*** Begin section ***
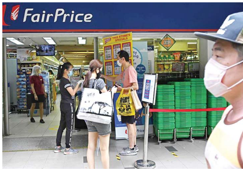
စင်ကာပူရှိ ဈေးဝယ်ကုန်တိုက်တစ်ခုရှေ့၌ နှာခေါင်းစည်း တပ်ဆင်ထားသည့် ဈေးဝယ်သူများအားတွေ့ရစဉ်။

ခဲ့သည်။ သို့ရာတွင် လုပ်ငန်းခွင်ပြန်လည် ဝင်ရောက်မည့် အလုပ်သမားများအတွင်း ရောဂါကူးစက်ပျံ့နှံ့မှုကို ကာကွယ် တားဆီးနိုင်ရေးအတွက် ကျန်းမာရေးဆိုင်ရာ တိုင်းတာစစ်ဆေးမှုများ အဆက်မပြတ် လုပ်ဆောင်ရန် လိုအပ်ကြောင်း ၎င်းက ပြောကြားခဲ့သည်။ လုပ်ငန်းခွင်အချို့နှင့် ဝန်ဆောင်မှုလုပ်ငန်းများကို လာမည့် မေ ၁၂ ရက်မှစတင်ကာ လုပ်ငန်းပြန်လည်ပတ်မည်ဖြစ်ပြီး အဆိုပါရက်သတ္တပတ်၌ သတ်မှတ်ထားသည့် စာသင်ကျောင်းများမှ ကျောင်းသားအချို့ ကျောင်းပြန်လည်တက်ရောက်ခွင့် ရရှိမည်ဖြစ်ကြောင်း အာဏာပိုင်များက ယမန်နေ့တွင် ပြောကြားခဲ့သည်။ စင်ကာပူနိုင်ငံအတွင်း ဧပြီလအစောပိုင်းမှစတင်ကာ စာသင်ကျောင်းများနှင့် လုပ်ငန်းခွင်အများစုကို ပိတ်သိမ်းရန် အပါအဝင် ကပ်ရောဂါထိန်းချုပ်ရေး လမ်းညွှန်ချက်များ ချမှတ်လိုက်ပြီးနောက်
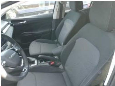
Imagen - 19
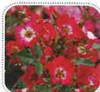
シェリーメイディランド (6月初旬から)
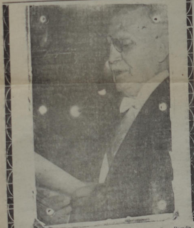
El vicepresidente de la República en ejercicio del poder, Dr. Ramón S. Castillo, leyendo el mensaje ante la Asamblea Legislativa. En su mensaje el mandatario se refirió a distintos aspectos de la vida económica y política del país.
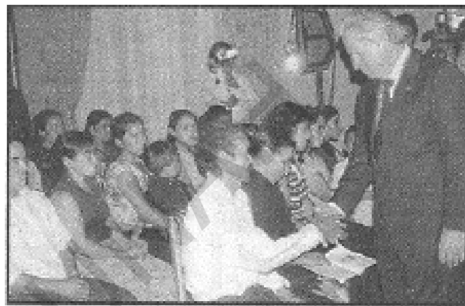
El presidente Maduro pidió disculpas a los familiares de dos desaparecidos

La convivencia armónica de la sociedad se fundamenta en el respeto absoluto a los principios constitucionales que estructuran la vida en la comunidad, agregó.
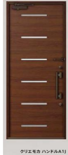
クリエモカ ハンドルA19
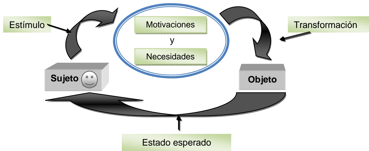
Diagrama 1. Relación Sujeto – Objeto.

La relación sujeto – objeto puede estar medida a rasgos particulares del grado de persecución, comprensión y desarrollo de todo lo que nos rodea, por ejemplo, la cultura, la personalidad, medio ambiente, la comunicación, entre otros. (Ver Diagrama 1.)
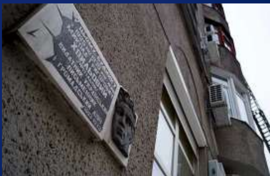
вулиця Римарська, 19
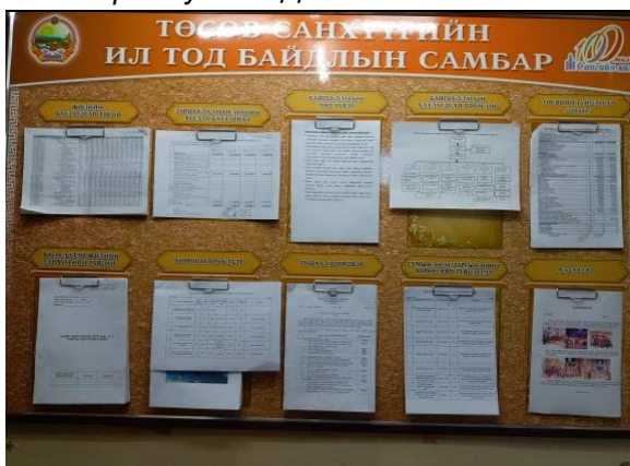
Ерөө сумын ЗДТГ
*** End section ***
**Directions**
State the number of lines in the records that include the word "Diagrama", and add nothing to it.

**Finished exercise**
2